Apollo taps ex-SEC chief Clayton in board overhaul

By Noor Zainab Hussain, Jessica DiNapoli and Chibuike Oguh

(Reuters) – Apollo Global Management Inc said on Thursday it had appointed former U.S. Securities and Exchange Commission (SEC) chief Jay Clayton as its lead independent director to improve corporate governance in the wake of an inquiry into Chairman Leon Black’s ties to late financier and convicted sex offender Jeffrey Epstein.

The review found that Black, who co-founded Apollo 31 years ago and turned it into one of the world’s largest private equity firms, had paid Epstein $158 million for advice on tax and estate planning and related services between 2012 and 2017.

While the probe, which was carried out by law firm Dechert LLP, cleared Black of any wrongdoing, he said last month he would relinquish his role as chief executive by July and keep his role as board chairman.

Clayton was selected due to his professional experience and understanding of private and public capital markets, Apollo said. He will assume the newly created role on March 1.

Apollo said last month it would look into changing its corporate governance structure, getting rid of shares with special voting rights that currently give Black and other co-founders effective control of the firm. The firm also added two new independent directors.

Clayton was SEC chairman from May 2017 to December 2020. In that role he pursued changes to regulations that critics saw as burdensome or hindering corporate growth, often in the face of opposition from investor advocates. Before that, Clayton was a corporate deals lawyer at Sullivan & Cromwell.

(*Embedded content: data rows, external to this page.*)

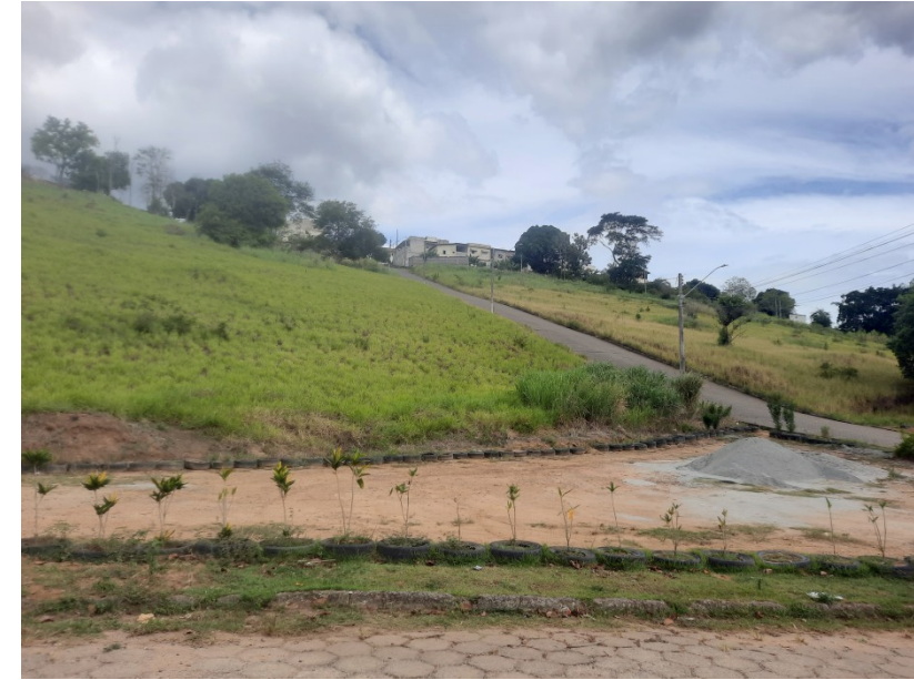
FOTO 03: Vista do terreno pela rua Francisco Barcelos Rangel
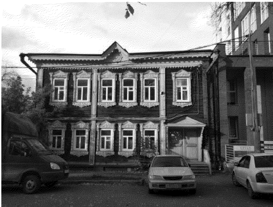
Видовая точка № 1
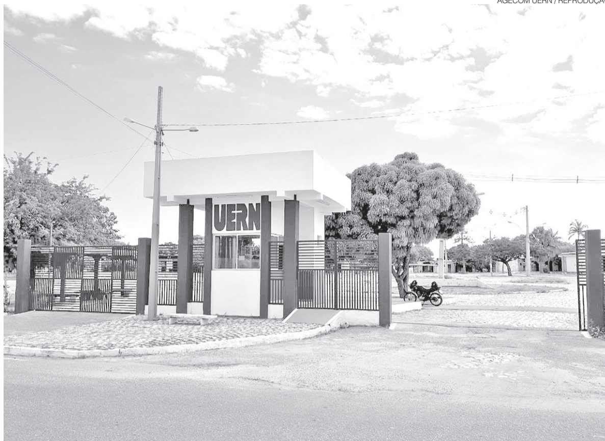
Entrada do Câmpus Mossoró da Universidade do Estado do Rio Grande do Norte; instituição de ensino tem 57 anos

Os seis campi presenciais da universidade estão localizados em Mossoró (Sede), Natal, Assú,
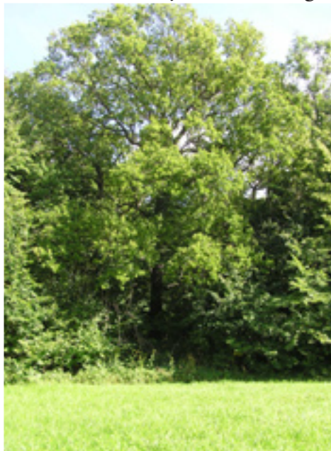
I lindreservatet är de ädla lövträden som ek, lind och ask vanliga.

Lindreservatet är ett av Ölands allra finaste naturreservat. Här finns ädellövskogar, tallskog, öppna betesmarker, alvar, kärr och örtrika slåtterängar. I reservatet kan du uppleva större bestånd av lind vilket är ytterst ovanligt idag.
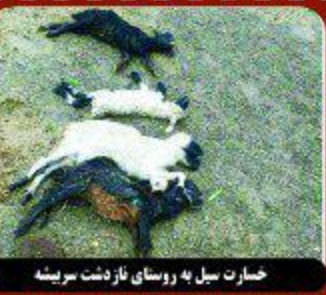
خسارت بیل به روستای ناز دشت بریینه

فقط در نفت گاز داریم لذا متنوع بودن قیمت باعث به وجود آمدن قاچاق سوخت می شود. مردانی افزود: هم اکنون قیمت نفت گاز در حمل و نقل ۳۰۰ تومان، موانع انعطاری ۲۰۰ تومان، مرز نشینان سه هزار و ۵۰۰، بازرچه های مرزی پنج هزار و ۲۰۰ تومان و در بخش نیروگاه ها به صورت تهاجمی توزیع می شود. وی بیان کرد: به علت ارز هم عاملی بر قاچاق سوخت بوده به شکلی که فروردین و اردیبهشت سال گذشته بیشترین عرضه فرآورده نفت گاز غیر متعارف را در نهمین داشتیم. مدیر شرکت ملی پخش فرآورده های نفتی منطقه خراسان جنوبی گفت: همین مسئله باعث شد برای اولین بار نهمین رتبه اول مصرف بیش از حد نفت گاز کشور را کسب کرد. وی با اشاره به تلاش های فراوان برای مدیریت، کنترل و نظارت بر عرضه سوخت در نهمین گفت: بدون کم شدن حتی لیتر سهمیه میزان مصرف فرآورده در ماه های انتهاپی تابستان سال گذشته ۵۸٫۱ درصد به ۲ درصد رسید و این رقم کشوری ۵۱٫۷ درصد بوده که خراسان جنوبی پنج درصد است. مردانی اضافه کرد: مصرف بنزین در خراسان جنوبی نیز از ۱۱۹٫۱ درصد به ۲۰ درصد رسیده که امیدواریم تا ماه های آینده به نرم کشوری نزدیک تر شود. وی دربارہ آمار توزیع فرآورده های نفتی استان در سال ۹۷ نسبت به سال ۹۶ نیز بیان کرد: مصرف بنزین در سال گذشته ۳۱ میلیون و ۱۹۹ هزار لیتر بوده که نسبت به سال ۹۶ رشد ۱۷٫۵ درصدی داشته است. مدیر شرکت ملی پخش فرآورده های نفتی منطقه خراسان جنوبی گفت: سال ۹۷ در خراسان جنوبی ۷۱ میلیون و ۳۲۸ هزار لیتر نفت سفید توزیع شد که این رقم در سال قبل آن ۸۲ میلیون و ۳۲۸ هزار لیتر بود و نشان می دهد که مصرف نفت سفید در سال گذشته حدود ۹ درصد
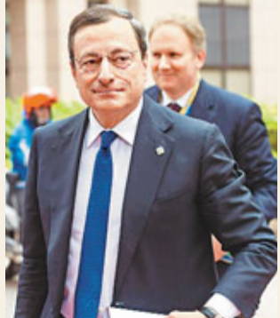
德拉吉會否支持救市基金買債，左右市場情緒。

水，圖推展創新高的意大利及西班牙債息。不少專家估計，央行為進一步穩定市場情緒，可望推出一輪流動舉措或減息至0.75厘，以支撐主權債市，否則將令危機急劇惡化。
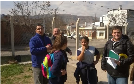
Relevamiento en el Andén
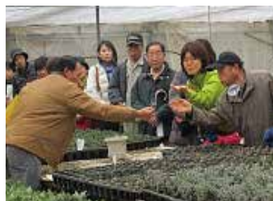
▲飲んで、食べて楽しめるハーブ

場 三島ハーブガーデン(塚原新田)ほか 内 生産者が実際に栽培しているハウスを見学し、ハーブの栽培方法や楽しみ方を学びます
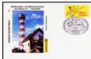
Nr 8 - Oberfeuer Somfleth Wisch SSt Harsefeld 6.9.2003 BD-ETH 008 3,50 €
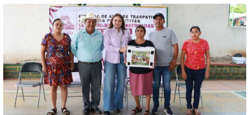
Familias reciben apoyo para producción avícola doméstica
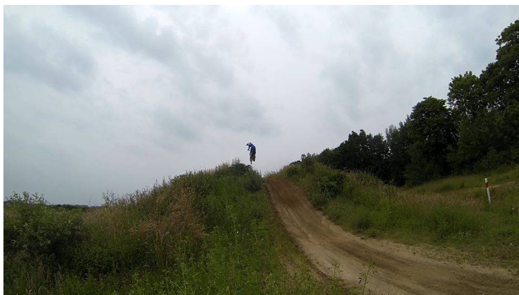
Ilustracja 3. Tor motocrossowy w okolicach Konikowa

W celach rekreacyjno–sportowych oraz jako miejsce spotkań plenerowych sołectwo wykorzystuje teren przy świetlicy wiejskiej, sąsiadujący ze szkołą podstawową. Znajduje się tam plac zabaw, boisko do siatkówki i boisko do piłki nożnej. Dla amatorów sportów motorowych godny polecenia jest położony niedaleko miejscowości tor motocrossowy, na którym regularnie odbywają się różnej rangi zawody.
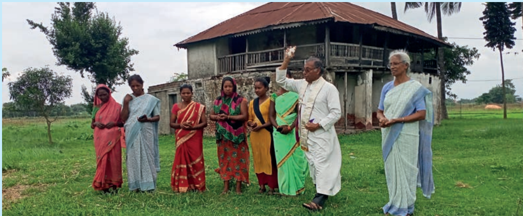
La benedizione del terreno sul quale si costruirà

COSTRUZIONE DI UN DISPENSARIO E SERVIZI SOCIO-SANITARI PER “CENTRO OSPEDALIERO JESU ASHRAM” - WEST BENGAL - INDIA
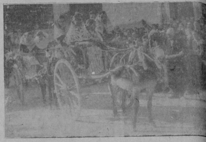
En Lluchmayor siguiendo el tradicional costumbre de la fiesta de San Antonio Abad revivió gran esplendor. La ción de caballerías vióse concurrir a ella, y a ella acudieron meros carros y carruajes adornados. En la foto se ve un grupo de jóvenes vistiendo el traje típico mallorquín.
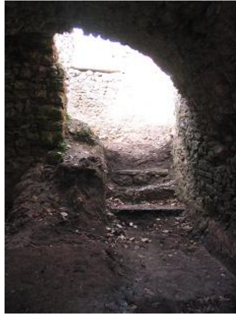
Stav po zasypaní sond a objavených múrov a po úprave terénu, schodíky sú provizórne
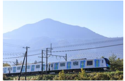
【S-T R A I Nご利用のイメージ】
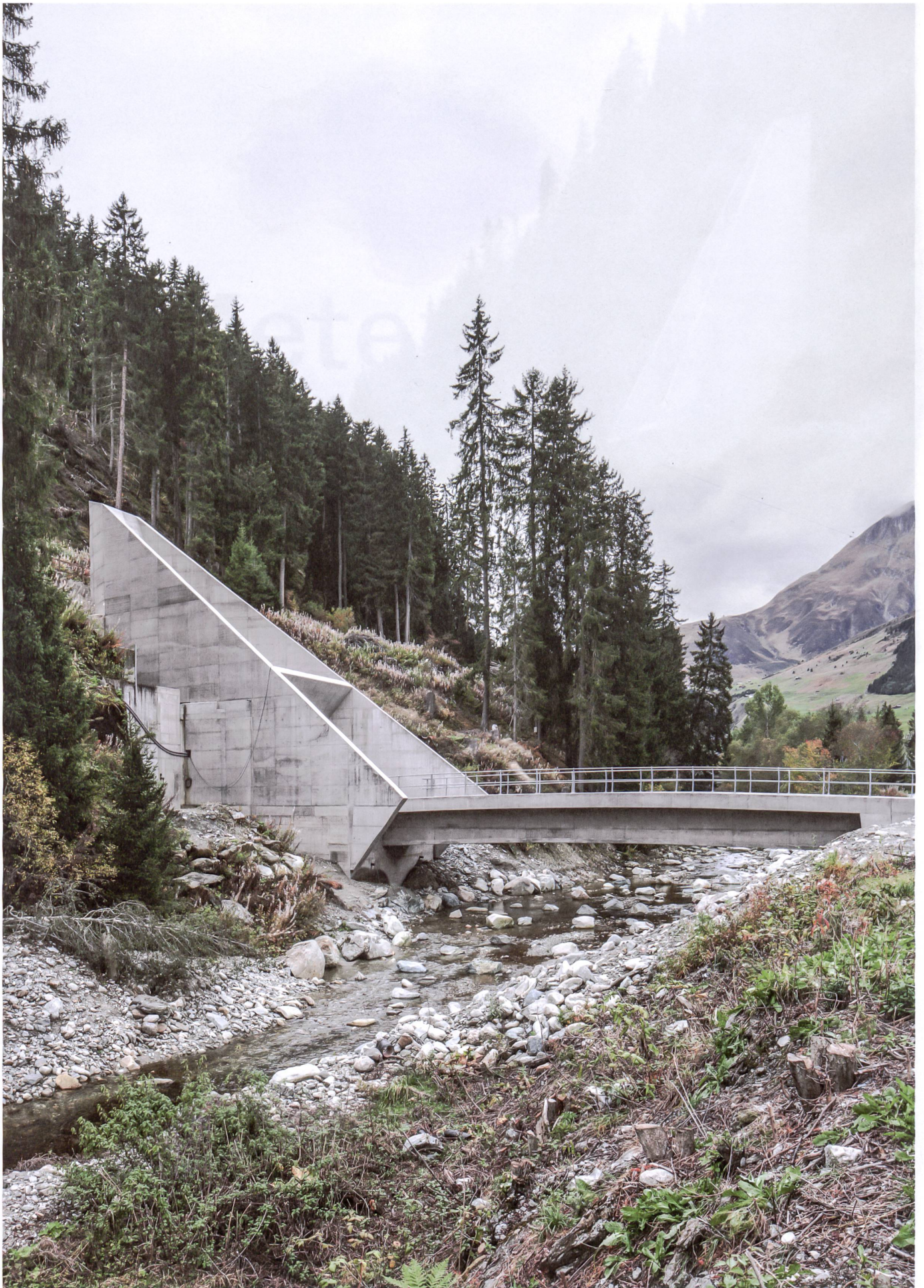
Multifunktionale Zufahrt: Das Portalbauwerk bei Sedrun verbindet Zuluftkanal, Lawinenschutz und Zufahrt zu den 800 Meter tiefen Schächten im Berginneren.

The Trump administration nominated Clayton last summer to replace a top federal prosecutor in New York, but did not press on with his appointment.

Eric Talley, a Columbia Law School professor, said that Clayton would have the heft to stand up to Black and other Apollo controlling partners if something “doesn’t square with his spidey sense.”

“If anyone can establish their independence in a controlled company it would be someone like Jay Clayton,” Talley said.

Clayton will earn about $500,000 annually through equity and fees for his service, according to a regulatory filing. Such compensation is high for a lead independent director, said Dan Laddin, a founding partner at consulting firm Compensation Advisory Partners LLC.

“He’s getting paid more akin to a non-executive chairman,” Laddin said.

Clayton is one of the most high-profile additions to Apollo since the 2014 departure of Marc Spilker, who was recruited as the firm’s president months after leaving Goldman Sachs Group Inc. Spilker left Apollo abruptly without any explanation.

The revelations of Black’s ties to Epstein led the firm’s executives to warn in October that some investors had paused their commitments to Apollo’s funds as they awaited the review’s findings.

The company, however, said in January that despite the controversy, its assets under management grew by $22 billion in the final quarter of 2020 to $455 billion.